Seance is a band from Ohio that recorded and mixed a new album titled Perdition. Well, that is if you can call them a band. Seance, according to the group, is actually an aural attempt at communication with spirits and “the other side.” The group uses tones and chords in hopes of connecting and talking with the deceased. With that goal in mind, the group put together this album.
The introduction of the album starts out with the song “Calla” and it is a heavy, in your face introduction. All the instruments come in together right from the first beat immersing the listener right in the middle of the band. It’s a cool introduction, and carefully executed sound where all the instruments come in together at once. It shows great chemistry and engages the listener right away. The drums are great, very metal-like marching sounds that moves the listener along through the song. The vocals are a bit dark and monotone, again metal-like, and don’t show much emotion; they are more like religious chanting.
The thing about this album is that it’s very repetitive. The drums, chord progressions and the lyrics tend to repeat the same sound over and over. The verses in some of the songs are actually the same, so it’s almost like the verse is also the chorus. Some tracks do showcase some variety though.

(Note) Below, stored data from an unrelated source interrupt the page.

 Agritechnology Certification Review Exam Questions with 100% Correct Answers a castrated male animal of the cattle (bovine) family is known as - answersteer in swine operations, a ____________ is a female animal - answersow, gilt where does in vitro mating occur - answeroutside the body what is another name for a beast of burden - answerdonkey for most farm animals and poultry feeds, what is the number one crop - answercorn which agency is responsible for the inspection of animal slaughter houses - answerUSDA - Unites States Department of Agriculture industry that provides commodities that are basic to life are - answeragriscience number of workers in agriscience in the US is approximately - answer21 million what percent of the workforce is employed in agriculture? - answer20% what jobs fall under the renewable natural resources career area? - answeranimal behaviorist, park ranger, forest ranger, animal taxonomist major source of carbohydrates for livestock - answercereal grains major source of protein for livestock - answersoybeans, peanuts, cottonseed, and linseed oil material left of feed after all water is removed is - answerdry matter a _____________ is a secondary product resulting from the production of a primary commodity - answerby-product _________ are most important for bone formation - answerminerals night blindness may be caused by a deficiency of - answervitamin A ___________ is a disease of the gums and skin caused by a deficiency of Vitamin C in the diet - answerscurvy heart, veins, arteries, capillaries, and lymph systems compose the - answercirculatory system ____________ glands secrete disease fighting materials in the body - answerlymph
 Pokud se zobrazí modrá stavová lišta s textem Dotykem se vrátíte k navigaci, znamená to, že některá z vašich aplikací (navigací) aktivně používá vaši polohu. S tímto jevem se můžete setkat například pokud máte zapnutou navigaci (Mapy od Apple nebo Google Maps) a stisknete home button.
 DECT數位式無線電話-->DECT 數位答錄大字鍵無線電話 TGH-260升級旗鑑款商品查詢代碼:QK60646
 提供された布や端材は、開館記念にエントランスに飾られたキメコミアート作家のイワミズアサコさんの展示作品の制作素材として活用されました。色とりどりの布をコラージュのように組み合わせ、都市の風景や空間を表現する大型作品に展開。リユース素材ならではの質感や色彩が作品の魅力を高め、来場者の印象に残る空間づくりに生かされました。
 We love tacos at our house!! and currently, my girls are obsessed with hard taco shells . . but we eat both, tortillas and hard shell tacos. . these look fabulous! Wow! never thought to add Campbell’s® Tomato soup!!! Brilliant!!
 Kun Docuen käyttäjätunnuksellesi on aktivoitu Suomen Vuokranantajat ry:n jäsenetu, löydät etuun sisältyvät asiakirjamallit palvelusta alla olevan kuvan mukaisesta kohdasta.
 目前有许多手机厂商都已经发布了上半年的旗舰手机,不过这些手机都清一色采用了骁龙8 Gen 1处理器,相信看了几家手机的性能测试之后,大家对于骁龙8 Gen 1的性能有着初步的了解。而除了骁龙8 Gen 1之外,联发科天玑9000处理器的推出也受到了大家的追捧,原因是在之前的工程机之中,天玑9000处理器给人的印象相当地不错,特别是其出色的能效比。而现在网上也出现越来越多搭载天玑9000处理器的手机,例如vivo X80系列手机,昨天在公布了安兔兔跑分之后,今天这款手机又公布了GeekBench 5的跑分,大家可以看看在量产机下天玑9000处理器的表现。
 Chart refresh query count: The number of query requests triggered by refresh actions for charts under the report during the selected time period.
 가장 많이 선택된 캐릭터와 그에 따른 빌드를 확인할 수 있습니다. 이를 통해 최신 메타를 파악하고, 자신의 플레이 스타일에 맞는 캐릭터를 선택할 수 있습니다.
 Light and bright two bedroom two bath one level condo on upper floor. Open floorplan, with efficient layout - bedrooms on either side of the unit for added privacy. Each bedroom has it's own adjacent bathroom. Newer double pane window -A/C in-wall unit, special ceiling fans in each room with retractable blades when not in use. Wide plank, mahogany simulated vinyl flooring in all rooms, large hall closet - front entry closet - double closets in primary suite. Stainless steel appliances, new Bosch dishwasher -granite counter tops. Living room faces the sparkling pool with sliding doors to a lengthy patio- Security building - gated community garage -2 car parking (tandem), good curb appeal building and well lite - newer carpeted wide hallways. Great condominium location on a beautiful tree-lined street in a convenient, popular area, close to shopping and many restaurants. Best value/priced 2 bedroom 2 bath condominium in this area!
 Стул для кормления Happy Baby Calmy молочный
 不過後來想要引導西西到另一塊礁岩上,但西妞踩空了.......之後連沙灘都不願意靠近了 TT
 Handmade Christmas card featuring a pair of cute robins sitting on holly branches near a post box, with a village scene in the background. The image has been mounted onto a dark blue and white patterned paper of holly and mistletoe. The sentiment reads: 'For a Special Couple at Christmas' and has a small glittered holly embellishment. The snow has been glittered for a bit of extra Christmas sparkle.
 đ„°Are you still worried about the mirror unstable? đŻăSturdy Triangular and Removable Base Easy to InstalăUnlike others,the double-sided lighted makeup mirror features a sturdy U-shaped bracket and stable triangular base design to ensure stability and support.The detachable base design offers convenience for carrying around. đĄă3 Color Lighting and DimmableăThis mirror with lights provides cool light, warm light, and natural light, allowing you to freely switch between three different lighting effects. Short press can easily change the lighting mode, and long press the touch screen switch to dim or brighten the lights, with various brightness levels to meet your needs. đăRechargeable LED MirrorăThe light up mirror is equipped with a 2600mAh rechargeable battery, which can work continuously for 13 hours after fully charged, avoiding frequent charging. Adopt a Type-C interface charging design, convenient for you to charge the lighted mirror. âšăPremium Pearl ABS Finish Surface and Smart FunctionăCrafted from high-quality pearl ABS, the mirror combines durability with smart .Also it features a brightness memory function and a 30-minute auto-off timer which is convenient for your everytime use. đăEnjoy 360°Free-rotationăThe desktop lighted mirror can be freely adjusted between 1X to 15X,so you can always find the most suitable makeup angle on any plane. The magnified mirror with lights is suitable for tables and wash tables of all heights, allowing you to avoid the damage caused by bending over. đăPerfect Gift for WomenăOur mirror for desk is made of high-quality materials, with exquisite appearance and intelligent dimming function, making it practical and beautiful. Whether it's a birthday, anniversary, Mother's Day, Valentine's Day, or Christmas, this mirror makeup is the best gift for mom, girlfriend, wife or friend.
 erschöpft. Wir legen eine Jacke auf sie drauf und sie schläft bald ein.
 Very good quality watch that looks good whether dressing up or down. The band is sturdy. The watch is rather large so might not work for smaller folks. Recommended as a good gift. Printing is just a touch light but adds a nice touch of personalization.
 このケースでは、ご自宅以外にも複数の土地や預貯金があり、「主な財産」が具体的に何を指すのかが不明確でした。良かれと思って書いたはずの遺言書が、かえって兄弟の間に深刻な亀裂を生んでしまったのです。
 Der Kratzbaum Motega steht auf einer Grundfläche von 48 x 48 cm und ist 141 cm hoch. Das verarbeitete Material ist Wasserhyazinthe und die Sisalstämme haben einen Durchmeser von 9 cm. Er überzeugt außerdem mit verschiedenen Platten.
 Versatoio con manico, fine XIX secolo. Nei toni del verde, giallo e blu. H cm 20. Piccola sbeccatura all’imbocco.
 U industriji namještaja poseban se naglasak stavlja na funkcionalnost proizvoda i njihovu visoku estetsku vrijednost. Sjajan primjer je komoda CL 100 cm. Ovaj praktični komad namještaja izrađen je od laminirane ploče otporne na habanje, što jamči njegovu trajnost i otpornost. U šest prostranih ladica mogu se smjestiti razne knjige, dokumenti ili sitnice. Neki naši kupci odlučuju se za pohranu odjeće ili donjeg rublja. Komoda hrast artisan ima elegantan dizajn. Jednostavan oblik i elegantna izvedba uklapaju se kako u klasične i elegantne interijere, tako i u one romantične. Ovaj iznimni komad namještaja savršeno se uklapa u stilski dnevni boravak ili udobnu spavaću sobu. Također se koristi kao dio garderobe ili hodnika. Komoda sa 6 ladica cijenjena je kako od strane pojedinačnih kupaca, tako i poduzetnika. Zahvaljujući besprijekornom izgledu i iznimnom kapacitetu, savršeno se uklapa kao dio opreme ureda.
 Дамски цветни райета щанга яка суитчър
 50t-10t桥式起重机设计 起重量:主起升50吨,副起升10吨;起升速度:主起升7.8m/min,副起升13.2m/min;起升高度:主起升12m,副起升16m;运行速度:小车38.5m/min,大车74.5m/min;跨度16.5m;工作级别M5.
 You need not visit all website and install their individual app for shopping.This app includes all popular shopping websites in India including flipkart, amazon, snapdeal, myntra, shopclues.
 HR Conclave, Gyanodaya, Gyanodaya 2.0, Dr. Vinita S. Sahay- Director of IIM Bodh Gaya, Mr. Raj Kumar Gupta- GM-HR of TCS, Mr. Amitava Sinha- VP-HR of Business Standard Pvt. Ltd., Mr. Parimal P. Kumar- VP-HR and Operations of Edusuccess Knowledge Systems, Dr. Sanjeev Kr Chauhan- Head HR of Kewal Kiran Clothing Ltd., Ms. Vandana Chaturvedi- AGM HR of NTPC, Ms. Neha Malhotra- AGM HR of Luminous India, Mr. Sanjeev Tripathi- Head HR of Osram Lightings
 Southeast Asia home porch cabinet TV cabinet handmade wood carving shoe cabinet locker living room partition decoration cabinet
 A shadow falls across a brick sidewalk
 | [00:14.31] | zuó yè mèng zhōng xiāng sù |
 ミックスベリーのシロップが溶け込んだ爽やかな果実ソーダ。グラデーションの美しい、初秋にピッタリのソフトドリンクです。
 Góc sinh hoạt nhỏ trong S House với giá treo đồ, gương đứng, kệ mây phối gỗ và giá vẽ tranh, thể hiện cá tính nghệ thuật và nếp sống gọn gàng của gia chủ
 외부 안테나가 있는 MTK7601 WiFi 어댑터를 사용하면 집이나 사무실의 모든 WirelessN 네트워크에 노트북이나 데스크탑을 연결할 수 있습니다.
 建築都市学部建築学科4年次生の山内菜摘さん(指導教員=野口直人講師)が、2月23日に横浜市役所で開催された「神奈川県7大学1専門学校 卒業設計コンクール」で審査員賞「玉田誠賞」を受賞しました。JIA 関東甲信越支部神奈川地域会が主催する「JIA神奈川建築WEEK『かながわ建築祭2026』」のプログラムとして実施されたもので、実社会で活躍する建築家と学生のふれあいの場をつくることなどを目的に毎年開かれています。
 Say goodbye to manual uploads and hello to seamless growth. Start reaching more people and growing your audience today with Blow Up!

The song “Rise Up” for example has a much different introduction. It has a slower build up, an intense and climactic sound compared to the loud “boom” in the other track. The song keeps a much more calm and melodic sound, which is a nice changeup from lots of the other tracks.
The different instruments do display their range and ability in some of the songs. The second track culminates to a cool bass solo, but it has an odd, musty sound. Occasionally, on about a third of the tracks, the album changes up from metal to electronic. I don’t know if we can call these ‘songs;’ they are more like transitions filled with unique sounds like children playing, the beach and other industrial-like sounds. These songs seem like they are building up to something, but they just keep on moving and never really climax.
The album overall is very repetitive, and not very melodic. The song “Salem” sounds very similar to the first track, and also uses the same method of repeating the same chord progressions, drum beats, and chanting over and over again. While there is some variety in that some of the tracks are transitions, this album is filled with tracks that sound like one another and the composition relies on repeating the same simple chords. It’s not the most melodic album, and perhaps that’s because the deceased do not respond well to that type of music.